Description of the task => Each line below must be set down exactly; omit any image you find.

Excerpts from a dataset
━━━━

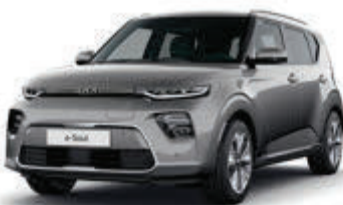
Steel Gray (KLG)
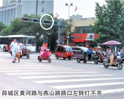
薛城区黄河路与燕山路路口左转灯不亮
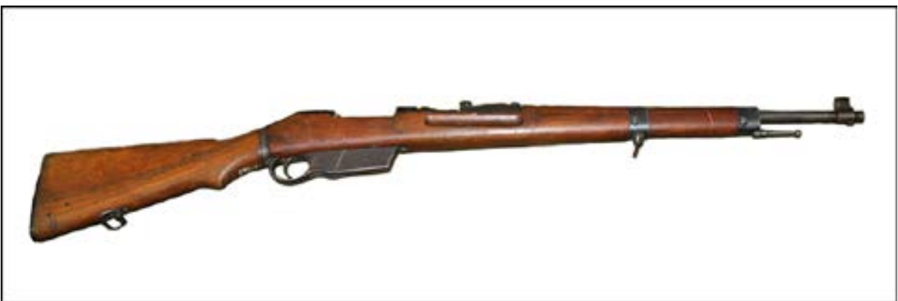
Гвинтівка FEG 35М. Зал № 13 [24].

Солдати Угорської королівської армії під час Другої світової війни користувалися гвинтівкою свого вітчизняного виробництва – FEG 35М. Італійські війська під час війни мали різні варіанти гвинтівки системи Манліхера – Каркано. Серед них варто відзначити карабін Mannlicher-Carcano M1891 da Cavalleria, призначений саме для кавалеристів. І угорську, й італійську гвинтівки можна бачити в експозиції залу № 13 Музею.
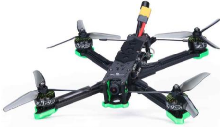
Şekil 2.2: Dört motorlu İHA (Quadcopter).

4 adet motoru bulunan insansız hava araçlarına ise dört motorlu İHA'lar yada Quadcopter denilmektedir.
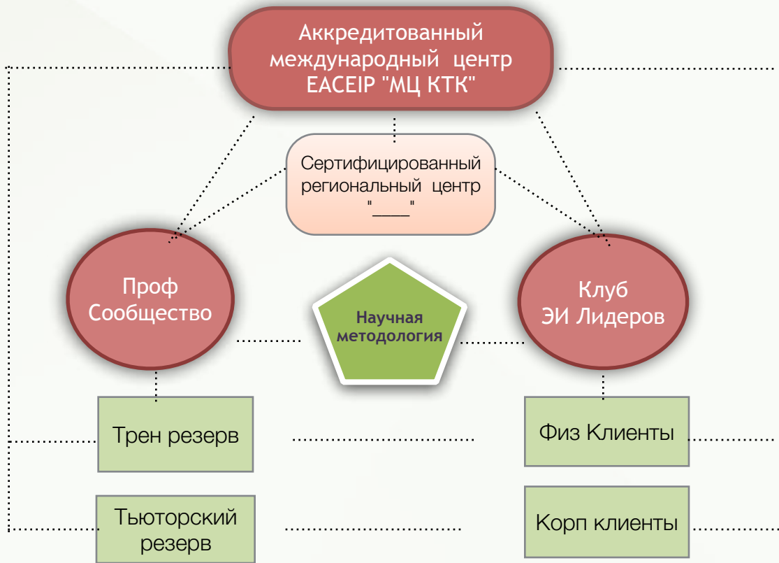
СХЕМА ВЗАИМОДЕЙСТВИЯ УЧАСТНИКОВ
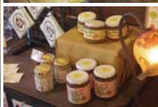
昭和初期のイメージで内装された南吉館の内部。壁面には安城高等女学校時代の南吉の珍しい写真が展示されて いる。右下は、安城名産のいちじくや、ナシから作ったジャムやいちじくの入ったごちそう。
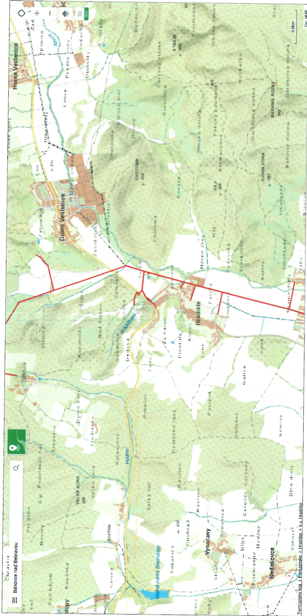
VN 283 Látkovce - Skačany
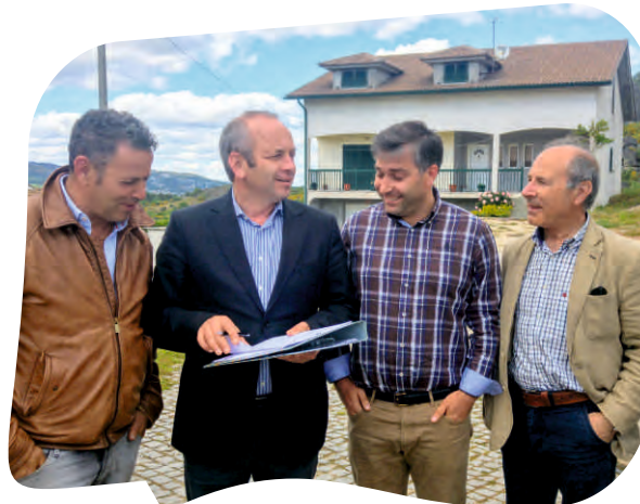
CONSIGNAÇÃO DA EMPREITADA CONCLUSÃO DOS SUBSISTEMAS DE DRENAGEM DE ÁGUAS RESIDUAIS - LOTE 10 - TOURENCINHO
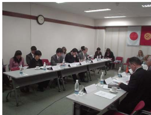
Подписание Протокола Переговоров о начале II фазы Проекта

За 5 лет своей деятельности, Центр, будучи своеобразным и единственным в своем роде «мостом» дружбы и взаимопонимания между народами Кыргызстана и Японии, стал хорошо известен как предпринимателям Кыргызстана, так и тем, кто изучает японский язык и японскую культуру. За это время на бизнес курсах Центра прошли обучение около 3000 предпринимателей, на курсах японского языка - около 600 человек, а количество посетителей на ежегодные фестивали и музыкальные мероприятия исчисляется многими тысячами.
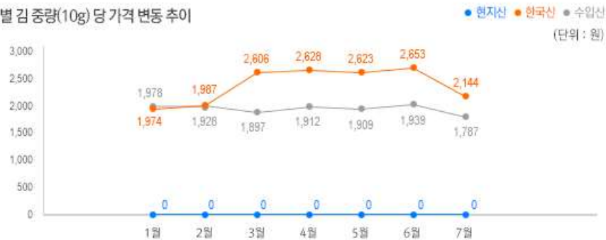
2) 원산지별 김 중량(10g) 당 가격변동 추이
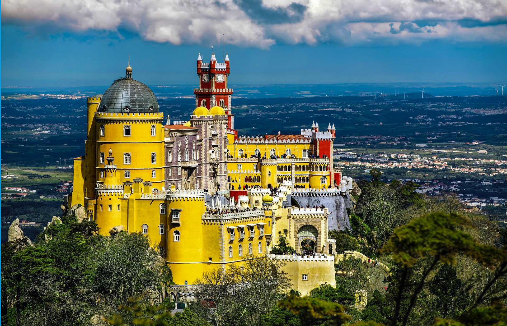
Palacio Nacional da Pena a Sintra
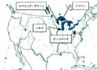
最高傑作(ピッツバーグ) Fallingwater『落水荘』 (世界遺産ノミネート対象)
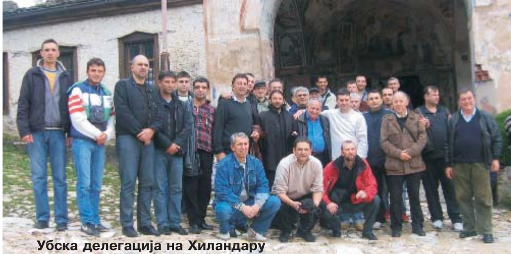
Убска делегација на Хиландару
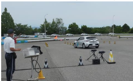
「運転と反応」実習で見事なハンドルさばき風景
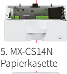
5. MX-CS14N Papierkassette
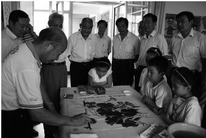
老年诗画协会会员指导孩子们书画技巧
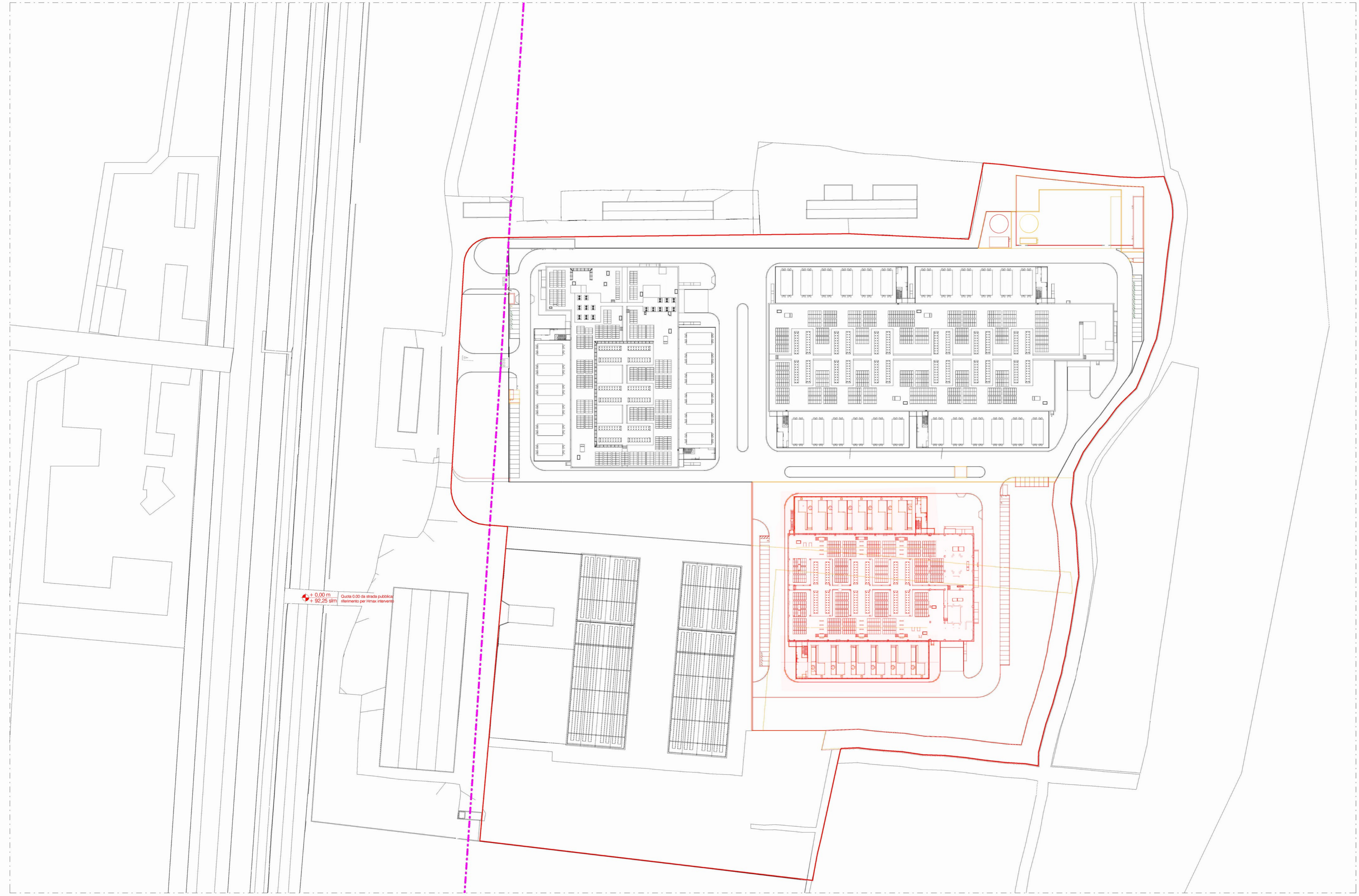
Stato di Confronto - Planimetria 1:1000

━━━━

Exercise output =>
Steel Gray (KLG)
薛城区黄河路与燕山路路口左转灯不亮
Гвинтівка FEG 35М. Зал № 13 [24].

Солдати Угорської королівської армії під час Другої світової війни користувалися гвинтівкою свого вітчизняного виробництва – FEG 35М. Італійські війська під час війни мали різні варіанти гвинтівки системи Манліхера – Каркано. Серед них варто відзначити карабін Mannlicher-Carcano M1891 da Cavalleria, призначений саме для кавалеристів. І угорську, й італійську гвинтівки можна бачити в експозиції залу № 13 Музею.
Şekil 2.2: Dört motorlu İHA (Quadcopter).

4 adet motoru bulunan insansız hava araçlarına ise dört motorlu İHA'lar yada Quadcopter denilmektedir.
СХЕМА ВЗАИМОДЕЙСТВИЯ УЧАСТНИКОВ
昭和初期のイメージで内装された南吉館の内部。壁面には安城高等女学校時代の南吉の珍しい写真が展示されて いる。右下は、安城名産のいちじくや、ナシから作ったジャムやいちじくの入ったごちそう。
VN 283 Látkovce - Skačany
CONSIGNAÇÃO DA EMPREITADA CONCLUSÃO DOS SUBSISTEMAS DE DRENAGEM DE ÁGUAS RESIDUAIS - LOTE 10 - TOURENCINHO
Подписание Протокола Переговоров о начале II фазы Проекта

За 5 лет своей деятельности, Центр, будучи своеобразным и единственным в своем роде «мостом» дружбы и взаимопонимания между народами Кыргызстана и Японии, стал хорошо известен как предпринимателям Кыргызстана, так и тем, кто изучает японский язык и японскую культуру. За это время на бизнес курсах Центра прошли обучение около 3000 предпринимателей, на курсах японского языка - около 600 человек, а количество посетителей на ежегодные фестивали и музыкальные мероприятия исчисляется многими тысячами.
2) 원산지별 김 중량(10g) 당 가격변동 추이
Palacio Nacional da Pena a Sintra
最高傑作(ピッツバーグ) Fallingwater『落水荘』 (世界遺産ノミネート対象)
Убска делегација на Хиландару
「運転と反応」実習で見事なハンドルさばき風景
5. MX-CS14N Papierkassette
老年诗画协会会员指导孩子们书画技巧
Stato di Confronto - Planimetria 1:1000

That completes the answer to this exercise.